We farm and sell indigenous breeds of British cattle and we pride ourselves on our knowledge and expertise, specialising in suckled native beef breeds.
We also work with many other small farmers who make our ‘partner farm network’ and who manage land from the margins of Bodmin moor and Dartmoor to the North Cornish coast and throughout the verdant grasslands of the Tamar Valley that lie in between.
It is here that you will find us, in the historic old market town of Launceston, the ancient capital of Cornwall, where we act as a true route to market for our farming community.
As well as having our own progressive and vibrant retail business, we are also fortunate enough to have built strong relationships with a great network of chefs throughout the country, many with Michelin stars to their name.
The one common theme between all of our customers, from Mrs Griffin at Wheatley Farm, North Petherwin to Brett Graham from the World renowned two Michelin star restaurant ‘The Ledbury’ in Notting Hill, London, is the desire for a unique product, at a down to earth price and with a commitment to deliver consistency.
To this day, we ‘dry age’ and mature our meat in the traditional way on the bone, before cutting for todays modern consumer.

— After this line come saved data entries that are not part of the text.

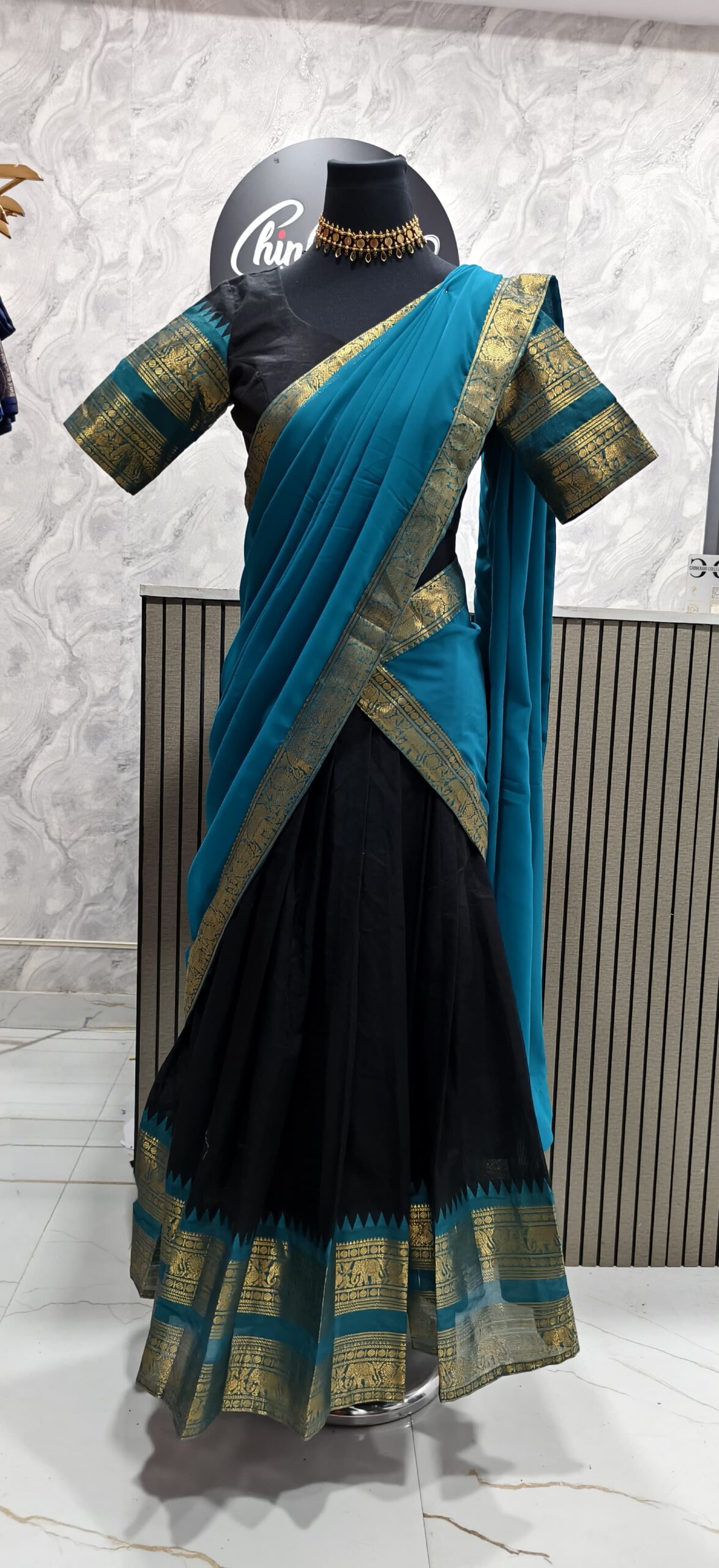 Step into timeless elegance with this beautifully curated Dhavani Set, crafted using premium Kanchi Cotton and soft Georgette for a perfect blend of heritage and comfort. Ideal for traditional functions, poojas, or festive wear, this unstitched set allows you to tailor your own graceful Langa Voni (Half Saree) ensemble.
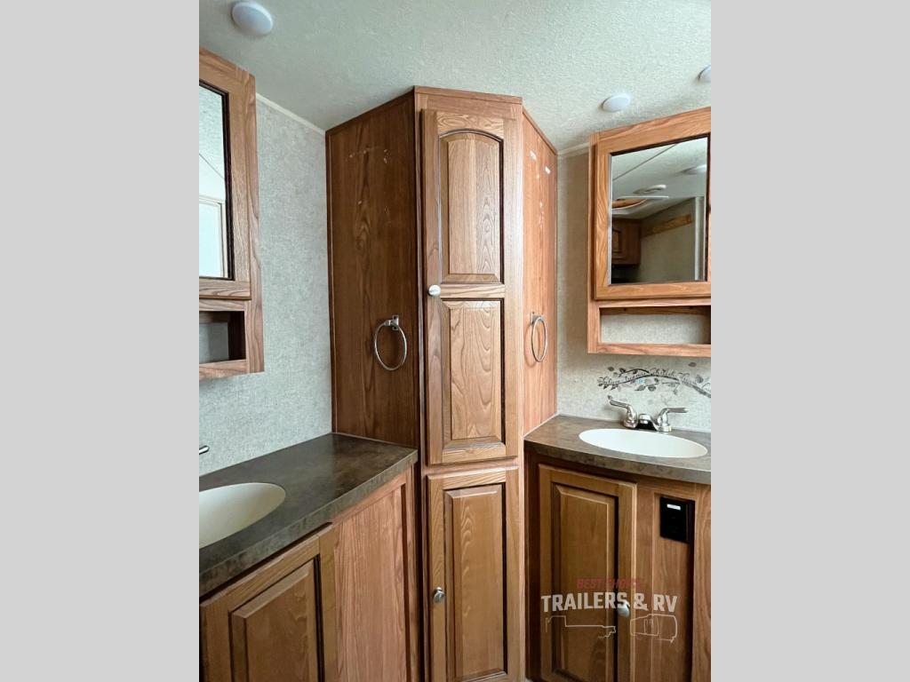 The bathroom is located within the v-nose of the travel trailer. It includes a toilet, double vanity sinks with medicine cabinets, lots of counter space, linen storage and a garden shower.
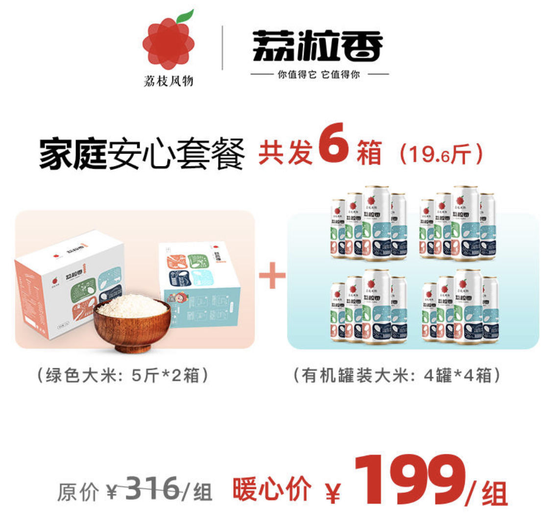 作为惠民平台,我们的菜品在保证质量的基础上,给大家最大力度的优惠,只为了给你最贴心的服务!江苏广电旗下荔枝风物·荔粒香大米此次也给出了超惠折扣:原价316元的家庭安心套餐,包含2箱绿色五斤装大米和4箱共计16罐有机大米,现在仅需199元。
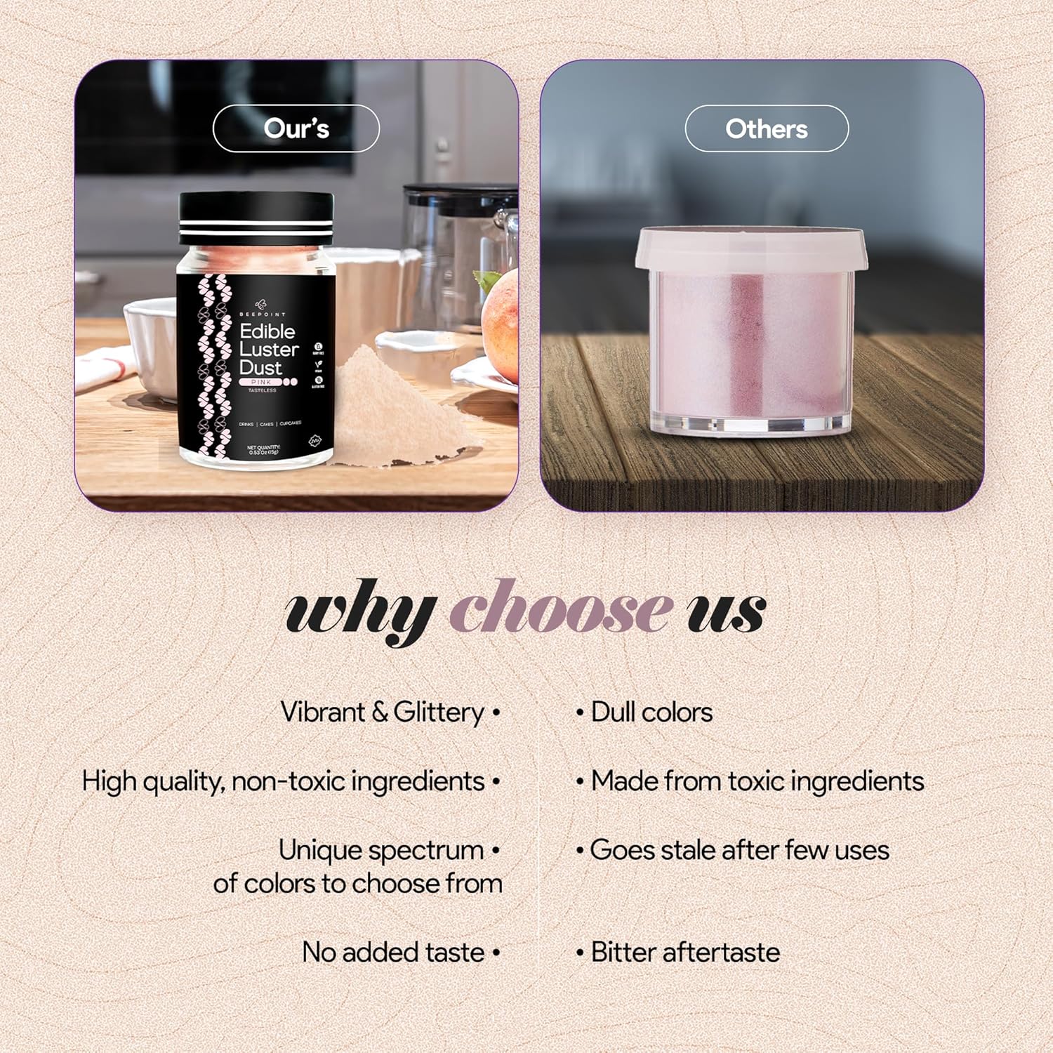 BeePoint Pink Edible Luster Dust 15g - Food Grade, Vibrant Color Shimmer Powdered Dust for Drinks, Cocktails, Cake Decorating, Baking, Chocolates, Candy, Sweets, & Cookies - Vegan & Gluten Free
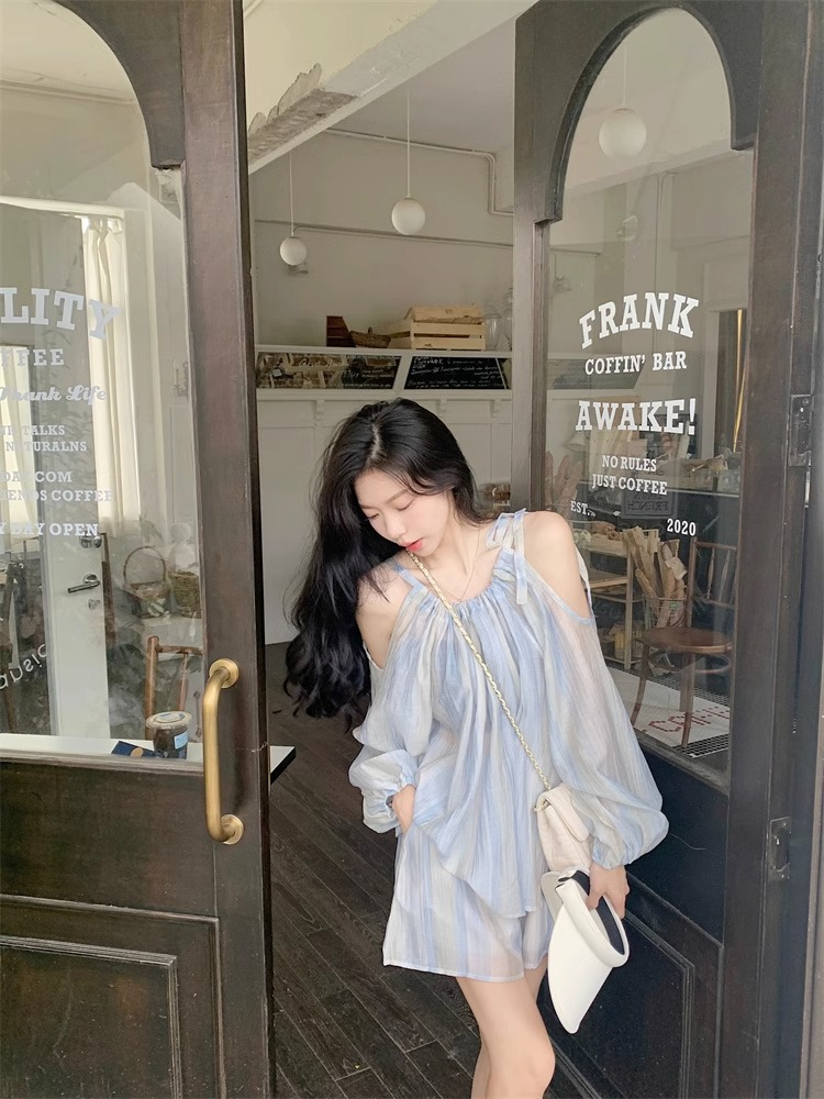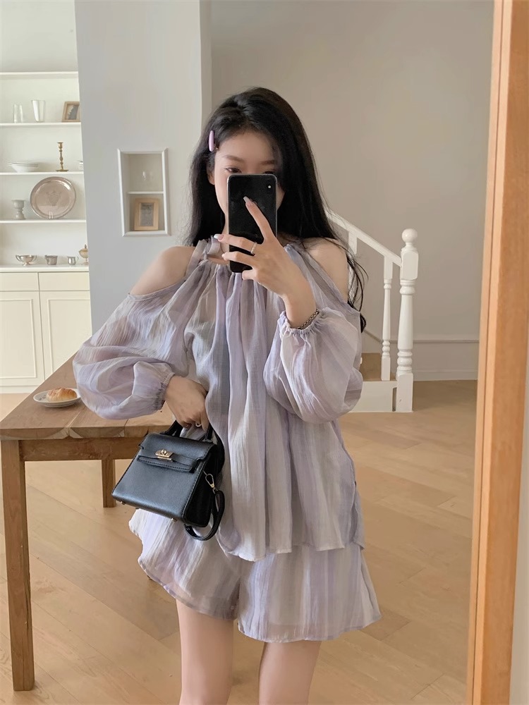 Soft and Lazy Style Thin Loose Sunscreen suit Women's Summer Long-sleeved Off-shoulder Shirt High Waist Wide-leg Shorts Two-piece Set
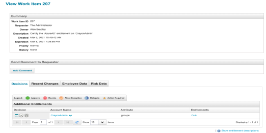 After selecting a work item, click on the entitlement. The same dialog as the Identity Warehouse will display.
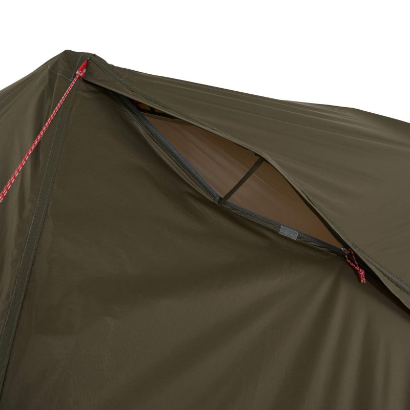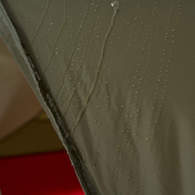 Entscheiden musst du dich hier nicht, denn das Zelt ist für die 3-Jahreszeiten-Nutzung konzipiert. Lediglich beim Aufbau solltest du mal einen Blick in den Himmel wagen. Ist das Wetter unbeständig, spannst du das Zelt gut ab. Das hochgezogene Außenzelt und der Lüfter in der Apside reduzieren Kondenswasser und sorgen für einen guten Luftaustausch im Innenzelt. Und damit du morgens nicht von einer unfreiwilligen Dusche beim Öffnen des Zeltes überrascht wirst, befindet sich über dem Eingang eine Regenschutzleiste, die Wasser vom Zeltdach seitlich abweist.
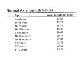 2) Traditional A-scan ultrasound biometry measures axial length using sound waves, but has limitations like variable corneal compression. Newer devices like the IOL Master use optical interferometry and are non-contact.
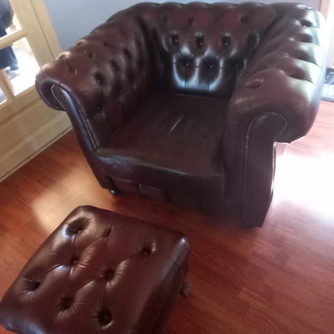 Fantastisk Chesterfield kontorstol, blå bølge farve. Fremragende stand! Prisen er 4500 kr. Levering er gratis!
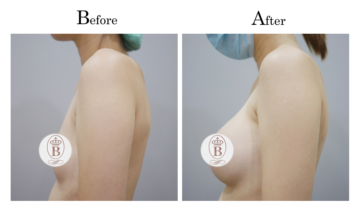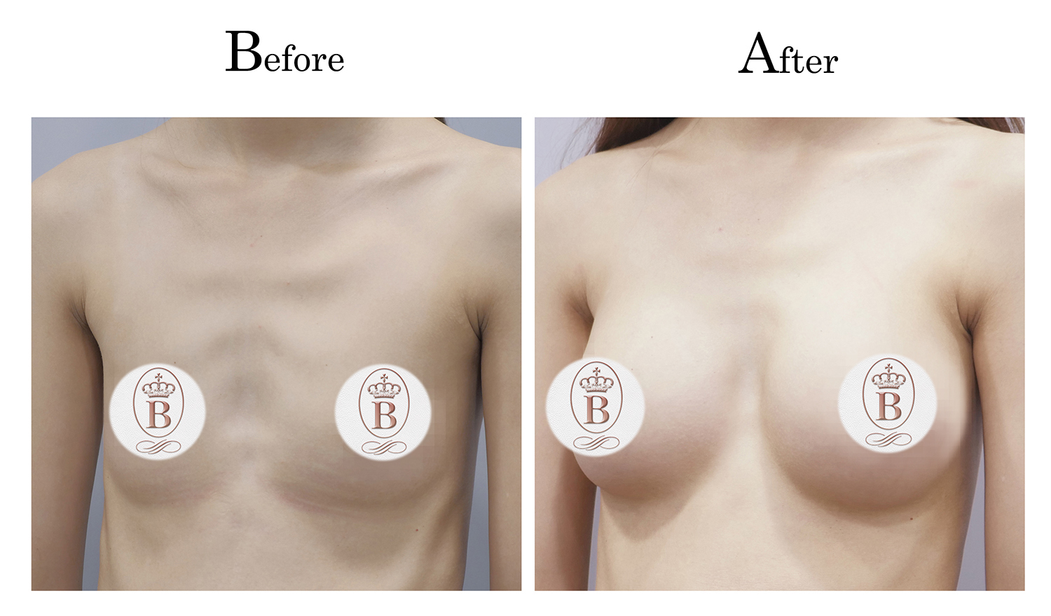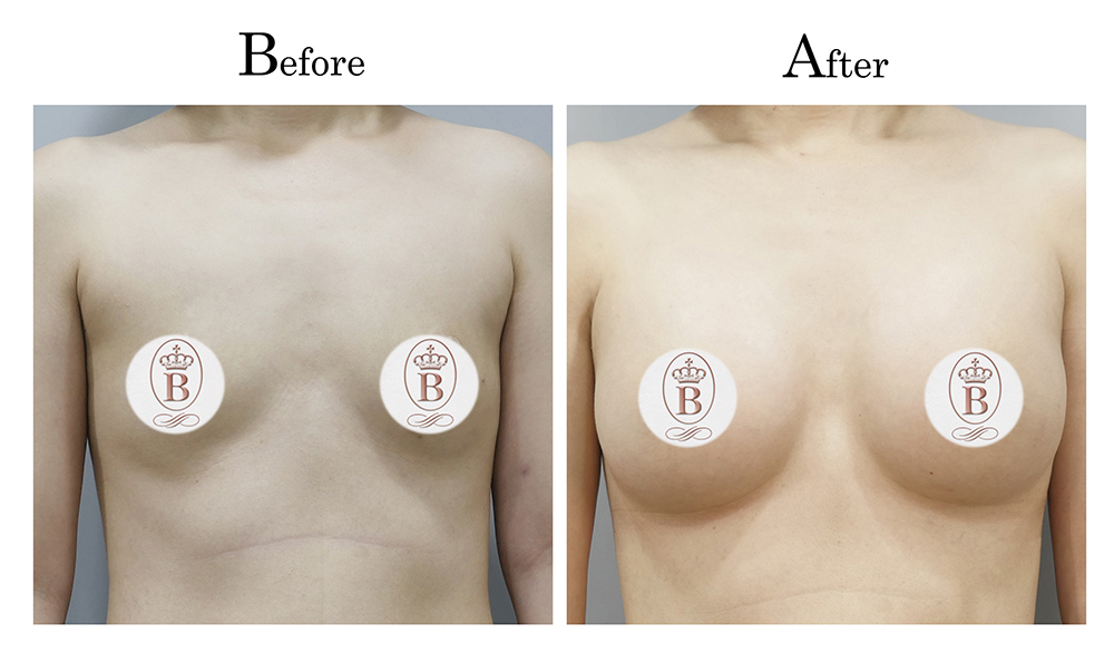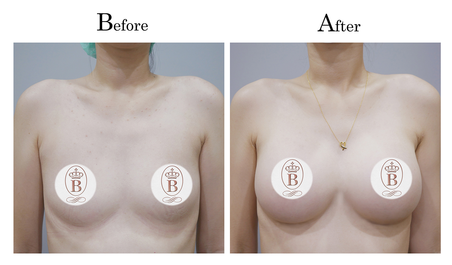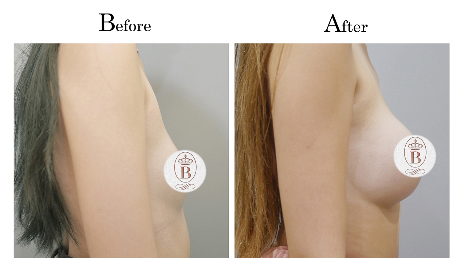 此案例本身條件屬於A罩杯,病患一直夢想希望到E罩杯,但又不希望感覺太OVER,另外也不想要術後一直按摩,因此選擇屬於比較自然術後也不需按摩的水滴型果凍矽膠隆乳,此次手術從腋下植入,因此從外觀看不到傷口,腋下的切口癒合後藏在皺褶中,也不容易看出。

This is not new to us, it is simply the way it has always been done./
Working with breeds such as Red Devons, South Devons, Galloways, Welsh Blacks, true Aberdeen Angus, Red Herefords plus any other breed we can find on these small hillside farms, these cows are grass fed for 12 months of the year, suckling their new born to eventually provide some of the best meat that you will ever eat.
We have spent a long time to find farms that suit the outdoor rearing of pigs, farmers who may only keep one or two breeding sows from breeds such as Saddleback, Tamworth and Berkshire.
Our lamb are selected and aged specifically to deliver the very best flavour and texture possible, making the most of the choice by many farmers to lamb later in the year, which means great lamb throughout the cold winter months.